= William Silas Pearse (minister) =

William Silas Pearse BA (c. 1869 – 17 August 1949) was a Congregational minister in Victoria, Australia. At his death he was reckoned one of the oldest Congregational Church ministers in Victoria.

==History==
Pearse was born in Richmond, Victoria and grew up in Fremantle, Western Australia, son of Martha Pearse (c. 1845–1922) and Samuel Pearse (c. 1845–1919) later of Beaconsfield, Western Australia. He was educated in Adelaide at Whinham College and the University of Adelaide.
In 1894 he was ordained at both Stow Church and the Congregational Church, Bordertown, where he held a pastorates, then Broken Hill from January 1899 to May 1901.

Then came an unexplained change of plan. He was reported as removing to Brisbane, specifically to Milton, but was somewhat later installed at Yarrawonga, Victoria. And a later summary had him in Kadina before moving to Victoria, when in fact it was the brief period September to December 1913 after a European holiday.

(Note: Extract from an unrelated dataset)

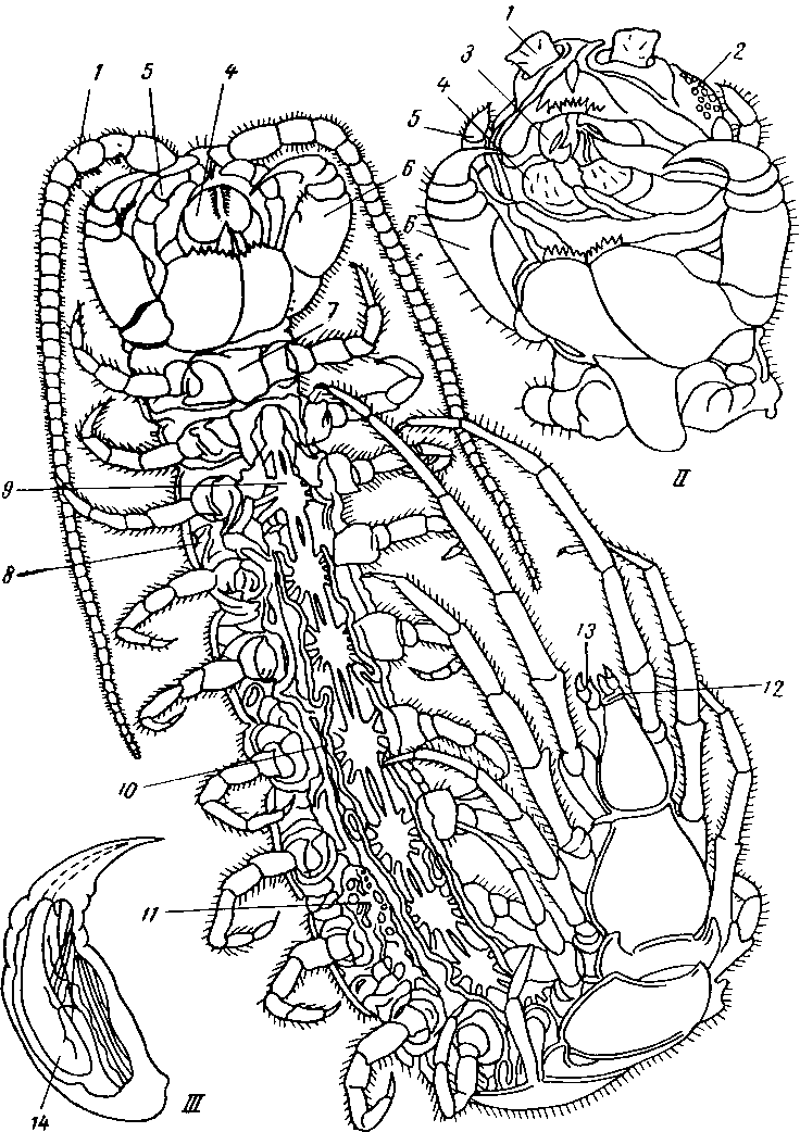 1— усик, 2— глаз, 3— верхняя челюсть, 4 — нижняя челюсть первой пары, 5 — нижняя челюсть второй пары (ее щупальце), 6 — ногочелюсть, 7— грудная пластинка, 8 — стигма, 9—нервная цепочка, 10—мальпигиева трубочка, 11 — яичник, 12—анальное отверстие, 13—половые ножки, 14— ядовитая железа

In Victoria his pastorates were Yarrawonga, Maryborough, Chelsea, Gardiner, Ascot Vale, and from May 1939 to the time of his death was minister of the East St Kilda Congregational Church.

He was chairman of the Congregational Union of Victoria for the year 1927–28.

He was a Congregationalist delegate to the Council of Churches in Victoria and twice elected president of the Council; and in 1925 stepped in when Frank Paton, was forced by ill-health to step down. He transferred to the Ascot Vale church in April 1925, and to East St Kilda in 1941.

He died in St Vincent's Hospital, aged 80.

==Family==
Pearse married Eliza Alice Wells (1866 – 2 February 1930), daughter of W. E. Wells of Albert Park, Victoria, on 24 November 1897.
- Erica Mary Victoria Pearse (11 January 1901 – )
- Rev. Leonard Silas Pearse (1909– ), of Camberwell Congregational Church, married Amy Kelly on 14 December 1935.
Their address in 1935 was 36 Eglinton Street, Moonee Ponds.